MEDICAL MALPRACTICE
Minority health care clinics are prone to poorer patient outcomes, says study
A new study of minority health care clinics examines the influence of workplace conditions on health care disparities that can lead to medical malpractice situations.
February 10, 2009 – Minority Americans have poorer health outcomes from chronic conditions (such as hypertension, heart disease and diabetes) because clinics serving higher proportions of minority patients tend to have more challenging work environments, according to a study published yesterday in the Archives of Internal Medicine.
"Unfavorable patient and physician outcomes may be attributable to disparities in work conditions at these clinics," said Anita Varkey, MD, lead author, assistant professor in the department of medicine, Loyola University Chicago Stritch School of Medicine and medical director of general medicine at Loyola Outpatient Center, Loyola University Health System.
"When you have limited access to medical supplies, referral specialists, and examination rooms, coupled with a more complex patient mix, you can start to see the challenges involved with providing high-quality primary care," said Dr. Varkey.
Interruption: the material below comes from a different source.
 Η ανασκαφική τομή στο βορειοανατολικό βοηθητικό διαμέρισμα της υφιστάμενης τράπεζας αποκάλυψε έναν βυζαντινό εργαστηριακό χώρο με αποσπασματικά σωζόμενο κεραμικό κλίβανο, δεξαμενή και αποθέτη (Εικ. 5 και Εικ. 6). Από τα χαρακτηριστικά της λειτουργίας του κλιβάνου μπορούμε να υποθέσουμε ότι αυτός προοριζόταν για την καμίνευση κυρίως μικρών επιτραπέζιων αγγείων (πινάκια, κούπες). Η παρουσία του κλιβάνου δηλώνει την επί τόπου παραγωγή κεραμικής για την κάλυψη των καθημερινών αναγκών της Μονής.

The study compared 96 primary care clinics in five regions, including Chicago. Data were collected from 388 primary care physicians and 1,701 adult patients with chronic diseases. Researchers compared 27 clinics (41.8 percent of physicians) that had at least 30 percent minority patients with 69 clinics (45.9 percent of physicians) that had less than 30 percent.
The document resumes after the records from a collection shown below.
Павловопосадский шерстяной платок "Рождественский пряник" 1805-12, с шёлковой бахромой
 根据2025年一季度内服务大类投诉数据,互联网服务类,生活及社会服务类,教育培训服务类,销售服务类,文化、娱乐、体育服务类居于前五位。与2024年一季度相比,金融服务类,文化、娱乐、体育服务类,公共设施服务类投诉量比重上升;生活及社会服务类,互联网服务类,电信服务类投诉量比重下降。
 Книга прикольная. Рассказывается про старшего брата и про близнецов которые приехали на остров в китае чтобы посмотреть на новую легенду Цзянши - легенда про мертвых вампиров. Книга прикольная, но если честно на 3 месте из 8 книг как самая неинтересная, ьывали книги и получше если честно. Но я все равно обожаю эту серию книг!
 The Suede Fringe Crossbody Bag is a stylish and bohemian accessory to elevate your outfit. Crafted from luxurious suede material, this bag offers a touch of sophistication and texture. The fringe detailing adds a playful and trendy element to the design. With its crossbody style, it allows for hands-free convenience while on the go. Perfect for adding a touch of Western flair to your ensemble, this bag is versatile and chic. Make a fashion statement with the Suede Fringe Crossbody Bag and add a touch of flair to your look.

The clinics with larger proportions of minority patients were four times more likely to have a chaotic work environment, and their physicians were half as likely to report job satisfaction. These physicians also had a tendency to report higher stress and intention to leave.
“All of these factors can contribute to health care disparities,” said Dr. Varkey, an internist who specializes in primary care, preventive medicine and women's health. “While further research is needed, health care reform strategies should consider the role that work environment plays in quality of care.”